Safe Human-to-Humanoid Motion Imitation Using Control Barrier Functions
Wenqi Cai, John Abanes, Nikolaos Evangeliou, and Anthony Tzes

TL;DR
This paper introduces a vision-based, real-time motion imitation framework for humanoid robots that ensures safety by preventing collisions through a Control Barrier Function layer, validated in simulations.
Contribution
It combines vision-based human motion capture with a CBF-based safety layer to enable collision-free, real-time human-to-humanoid motion imitation.
Findings
Effective collision avoidance demonstrated in simulations
Real-time motion imitation achieved with safety guarantees
Framework successfully filters imitation commands to prevent collisions
Abstract
Ensuring operational safety is critical for human-to-humanoid motion imitation. This paper presents a vision-based framework that enables a humanoid robot to imitate human movements while avoiding collisions.
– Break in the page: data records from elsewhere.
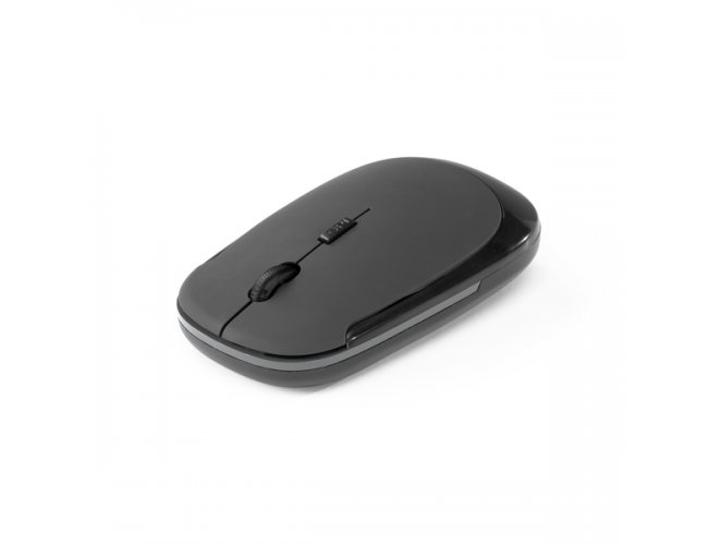 Mouse wireless 2.4G. ABS. Acabamento emborrachado. Incluso 2 pilhas AAA. 65 x 105 x 20 mm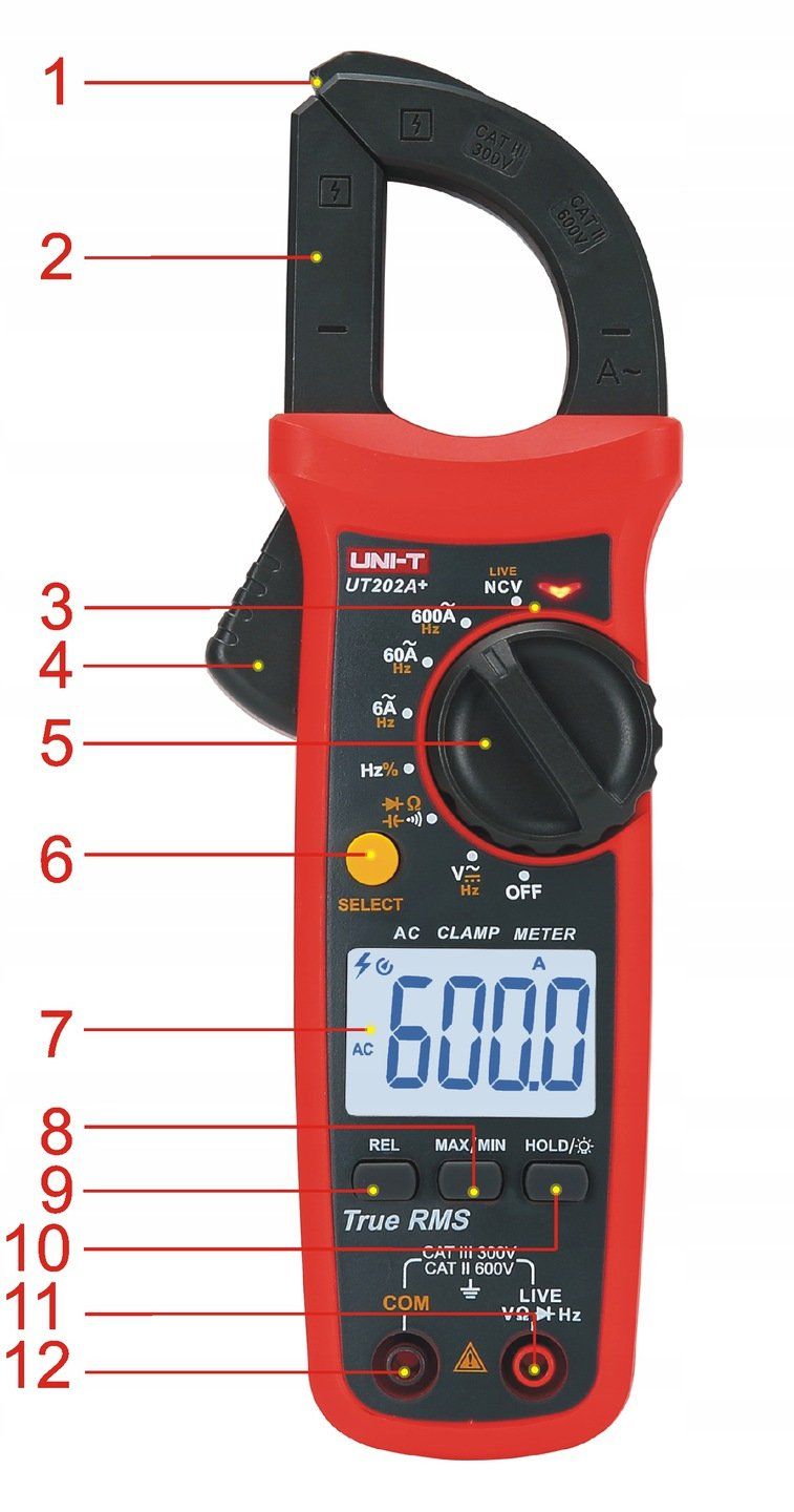 pomiar napięcia DC: 600mV~600V pomiar napięcia AC: 6V~600V pomiar natężenia prądu AC: 6A~600A pomiar rezystancji w zakresie: 600Ω~60MΩ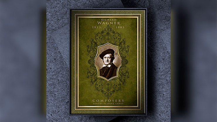 Richard Wagner Playing Cards, designed by SixtyFourPlayingCards, is a unique and elegant deck of playing cards for collectors, where the protagonists one of the greatest Composers of classical and symphonic music of all time. The theme of Wagner is dark green and will be the color of the theme of the tuck box, the back of the cards and the color theme of court cards.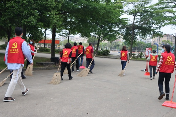 人间四月,天气回暖,校园周边一些路边的野草长得很快,中间还夹杂着一些塑料、瓶罐、淤泥等垃圾,容易滋生蚊虫,影响环境和师生的身体健康。党员教师身穿红马甲,拿起扫帚、铲子等劳动工具,对校园周边绿化带、主干道认真清理打扫,拔出绿化带上的杂草。在劳动过程中,党员教师分工明确,各司其职,积极热情地参与其中,不放过任何一个卫生死角。“十年树木,百年树人,立人先立德”。对于学生们最好的德行教育方法就是教师们的言传身教。

Human skeletal keypoints are captured by a single camera and converted into joint angles for motion retargeting. Safety is enforced through a Control Barrier Function (CBF) layer formulated as a Quadratic Program (QP), which filters imitation commands to prevent both self-collisions and human-robot collisions. Simulation results validate the effectiveness of the proposed framework for real-time collision-aware motion imitation.